## About this task
From the entries below, write out exactly the lines between the line holding "KOYAの高齢者用車椅子のス" and the line holding "该论文基于储能型磷酸铁锂石墨", inclusive, excluding any pictures.

## Supplied material
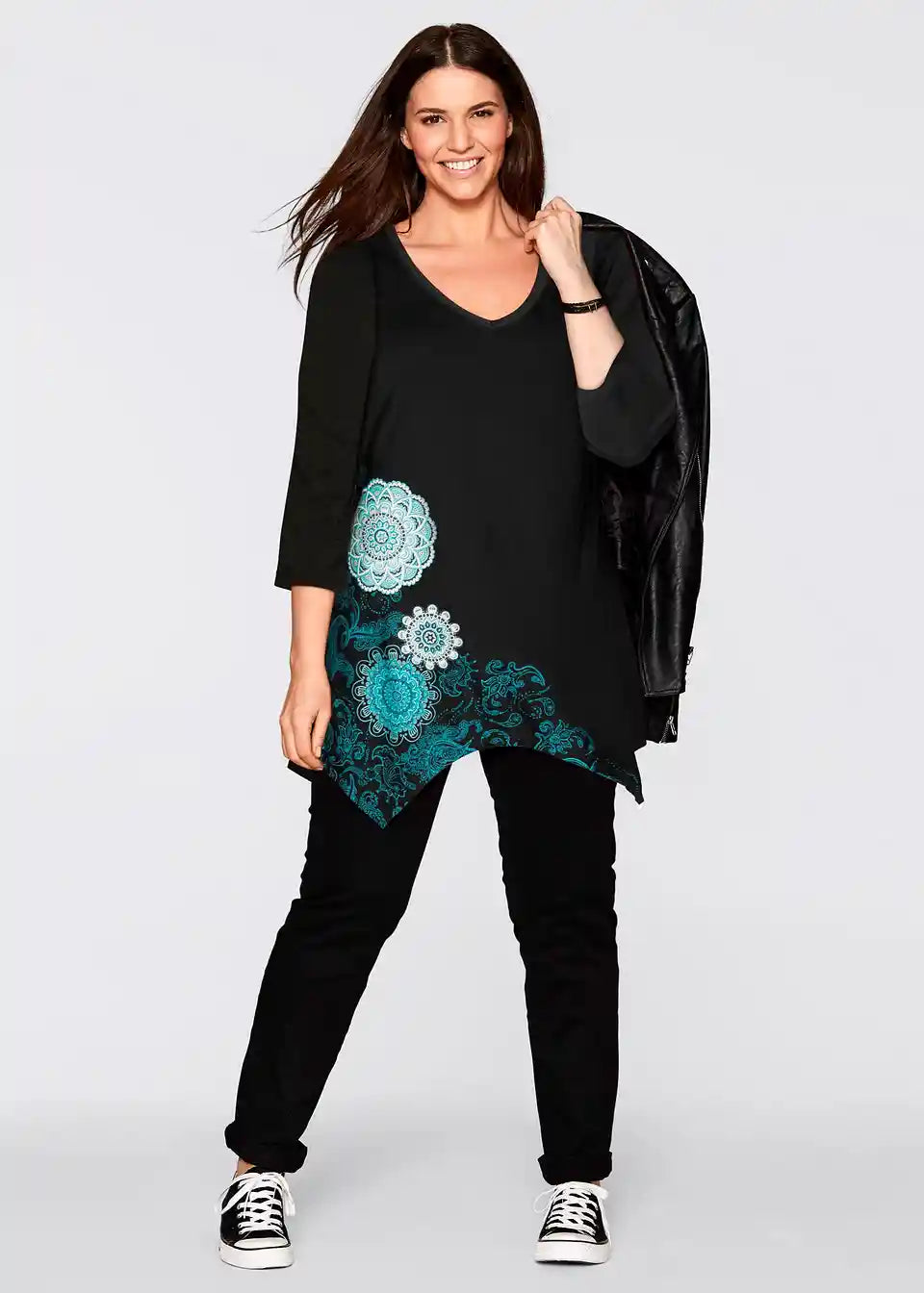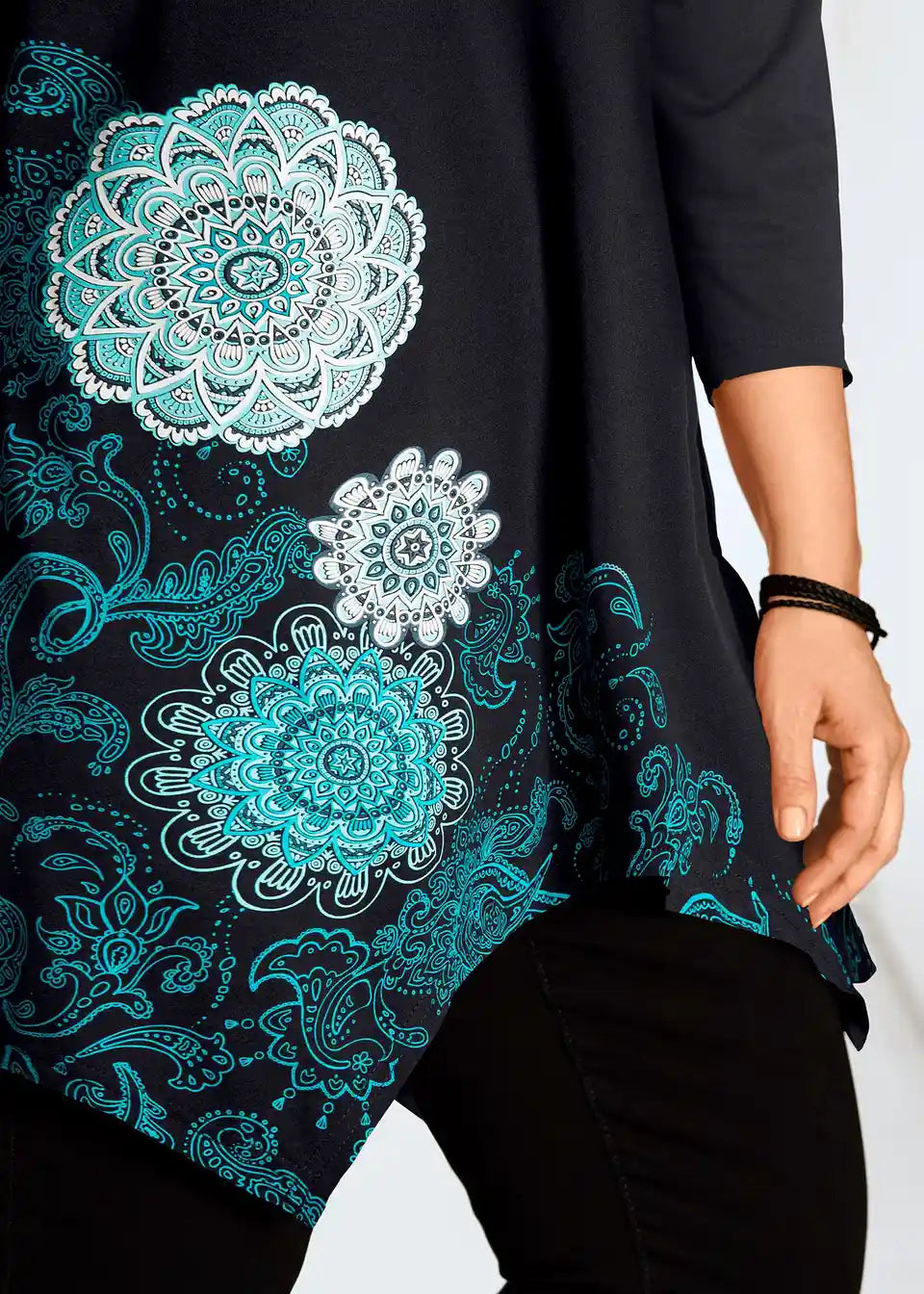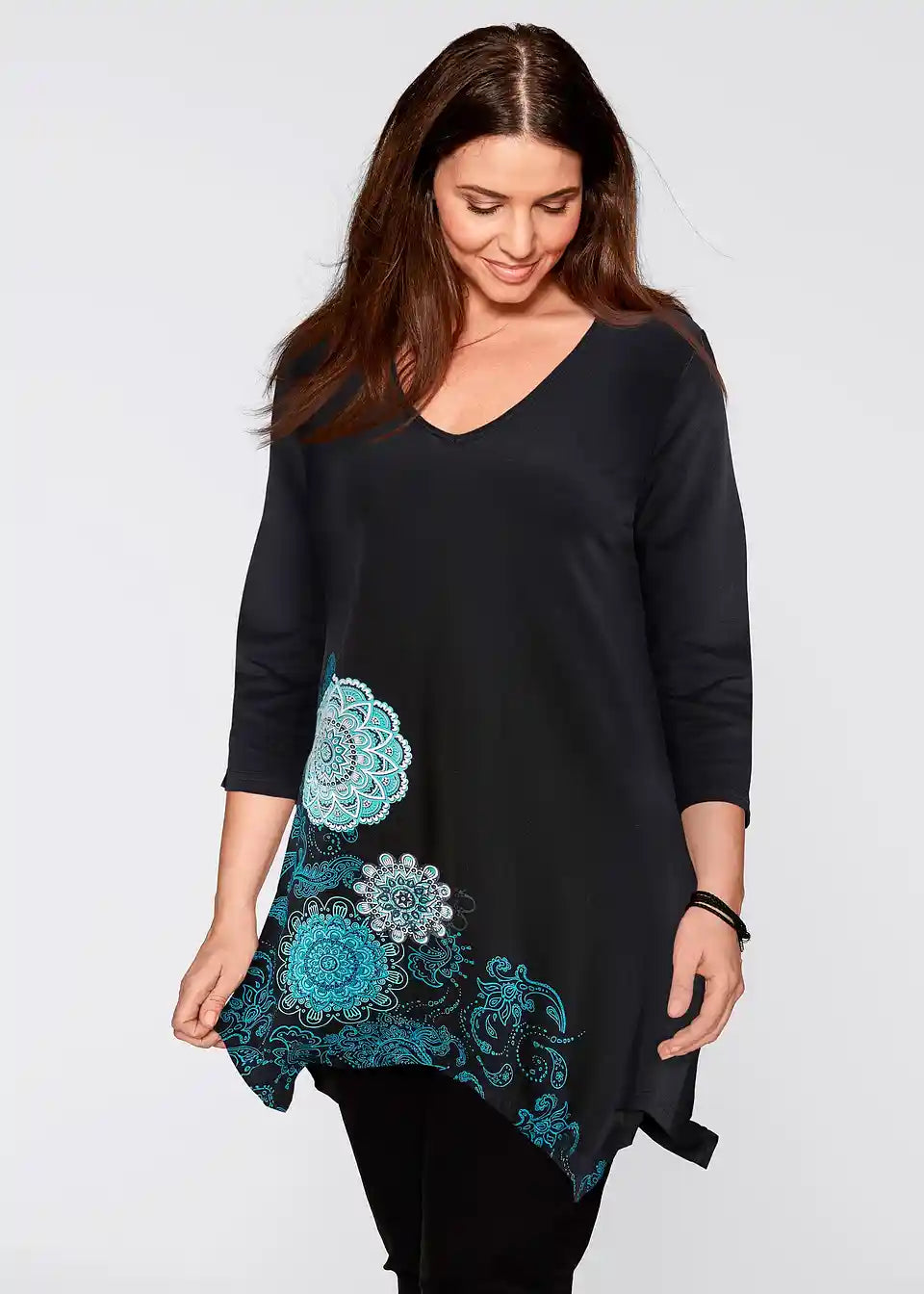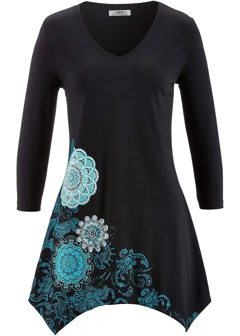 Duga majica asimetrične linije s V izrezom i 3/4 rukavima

...

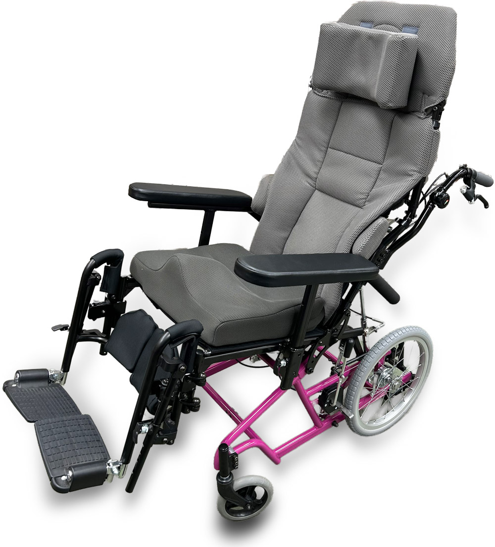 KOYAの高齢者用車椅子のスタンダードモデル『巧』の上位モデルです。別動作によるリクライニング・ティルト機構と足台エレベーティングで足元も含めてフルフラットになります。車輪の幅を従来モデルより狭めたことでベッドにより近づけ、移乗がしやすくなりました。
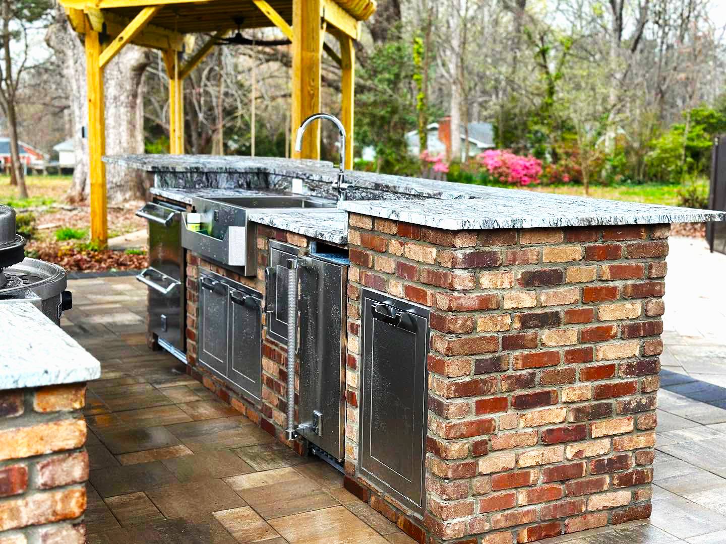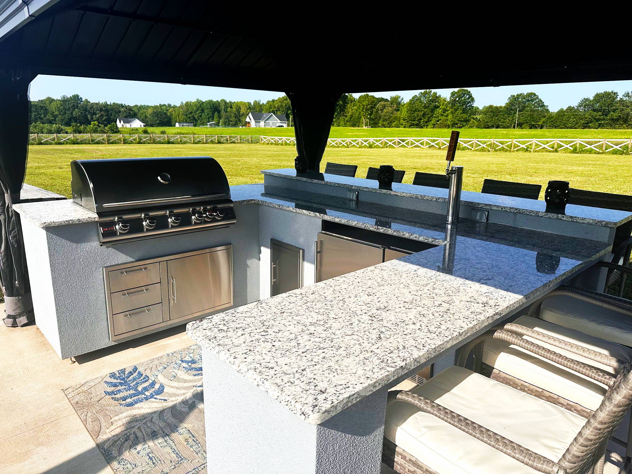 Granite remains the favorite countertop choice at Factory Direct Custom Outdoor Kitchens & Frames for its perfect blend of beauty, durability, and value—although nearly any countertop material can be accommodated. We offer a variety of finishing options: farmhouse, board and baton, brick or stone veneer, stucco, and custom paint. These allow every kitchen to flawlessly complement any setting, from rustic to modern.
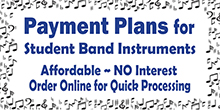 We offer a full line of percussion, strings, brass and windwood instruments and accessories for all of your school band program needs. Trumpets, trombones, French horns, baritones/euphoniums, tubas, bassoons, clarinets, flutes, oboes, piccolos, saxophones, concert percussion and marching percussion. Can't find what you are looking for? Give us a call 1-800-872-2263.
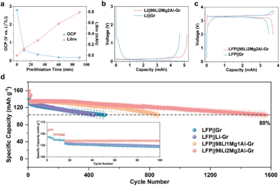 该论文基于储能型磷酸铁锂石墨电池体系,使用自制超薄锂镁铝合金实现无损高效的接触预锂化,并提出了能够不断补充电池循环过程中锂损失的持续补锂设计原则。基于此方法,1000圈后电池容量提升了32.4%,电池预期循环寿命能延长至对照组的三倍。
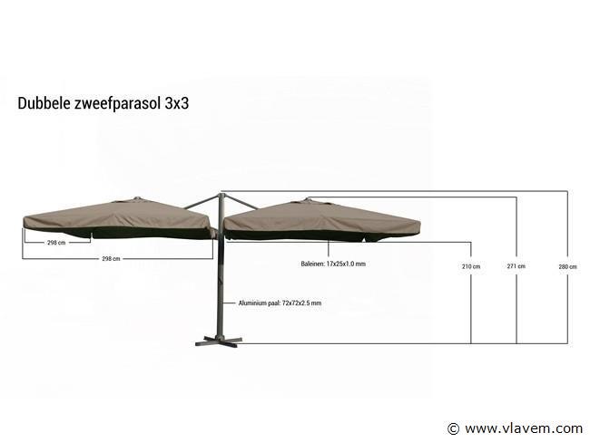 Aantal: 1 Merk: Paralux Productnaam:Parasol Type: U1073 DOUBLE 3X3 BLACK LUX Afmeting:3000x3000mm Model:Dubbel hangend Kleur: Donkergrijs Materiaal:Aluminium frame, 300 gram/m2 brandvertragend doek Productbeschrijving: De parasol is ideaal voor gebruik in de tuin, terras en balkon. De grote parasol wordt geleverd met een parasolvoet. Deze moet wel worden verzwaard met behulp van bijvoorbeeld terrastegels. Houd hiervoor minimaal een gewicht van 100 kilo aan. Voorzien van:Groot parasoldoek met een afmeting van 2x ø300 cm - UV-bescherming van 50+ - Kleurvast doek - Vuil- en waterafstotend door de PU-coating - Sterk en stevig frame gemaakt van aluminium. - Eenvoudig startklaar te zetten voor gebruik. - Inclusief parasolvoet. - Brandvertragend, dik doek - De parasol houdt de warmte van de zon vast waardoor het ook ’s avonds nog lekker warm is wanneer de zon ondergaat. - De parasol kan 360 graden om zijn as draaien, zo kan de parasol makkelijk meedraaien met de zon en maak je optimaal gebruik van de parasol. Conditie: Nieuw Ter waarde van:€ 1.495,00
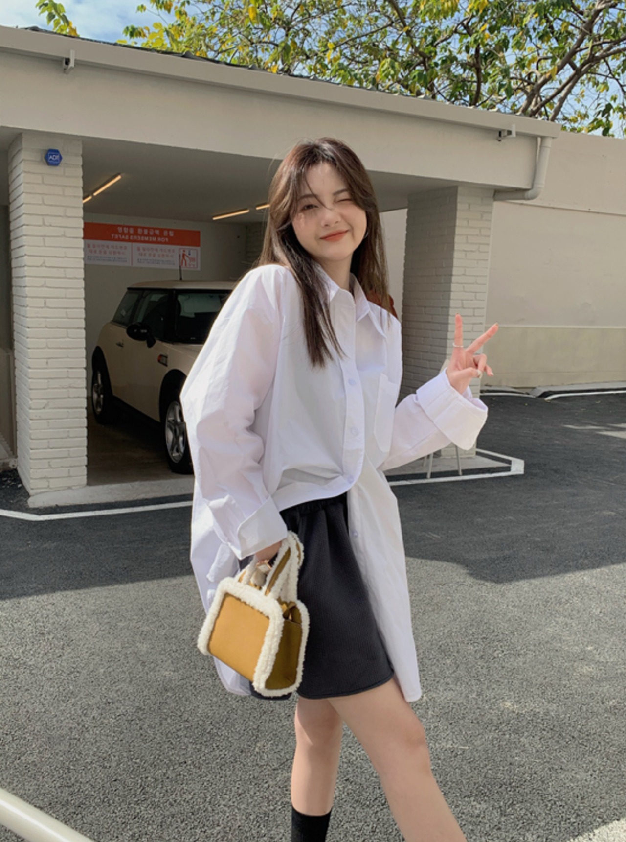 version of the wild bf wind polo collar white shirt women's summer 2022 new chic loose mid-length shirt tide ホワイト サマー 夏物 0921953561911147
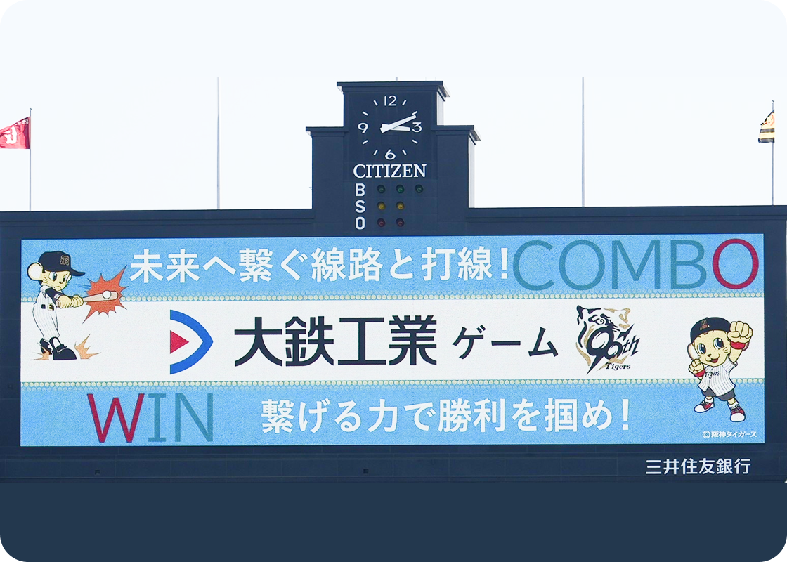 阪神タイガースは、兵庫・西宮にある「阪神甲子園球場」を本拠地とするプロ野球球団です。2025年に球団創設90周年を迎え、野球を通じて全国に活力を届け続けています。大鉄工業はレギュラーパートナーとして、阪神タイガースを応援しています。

## Reply
 KOYAの高齢者用車椅子のスタンダードモデル『巧』の上位モデルです。別動作によるリクライニング・ティルト機構と足台エレベーティングで足元も含めてフルフラットになります。車輪の幅を従来モデルより狭めたことでベッドにより近づけ、移乗がしやすくなりました。
 Granite remains the favorite countertop choice at Factory Direct Custom Outdoor Kitchens & Frames for its perfect blend of beauty, durability, and value—although nearly any countertop material can be accommodated. We offer a variety of finishing options: farmhouse, board and baton, brick or stone veneer, stucco, and custom paint. These allow every kitchen to flawlessly complement any setting, from rustic to modern.
 We offer a full line of percussion, strings, brass and windwood instruments and accessories for all of your school band program needs. Trumpets, trombones, French horns, baritones/euphoniums, tubas, bassoons, clarinets, flutes, oboes, piccolos, saxophones, concert percussion and marching percussion. Can't find what you are looking for? Give us a call 1-800-872-2263.
 该论文基于储能型磷酸铁锂石墨电池体系,使用自制超薄锂镁铝合金实现无损高效的接触预锂化,并提出了能够不断补充电池循环过程中锂损失的持续补锂设计原则。基于此方法,1000圈后电池容量提升了32.4%,电池预期循环寿命能延长至对照组的三倍。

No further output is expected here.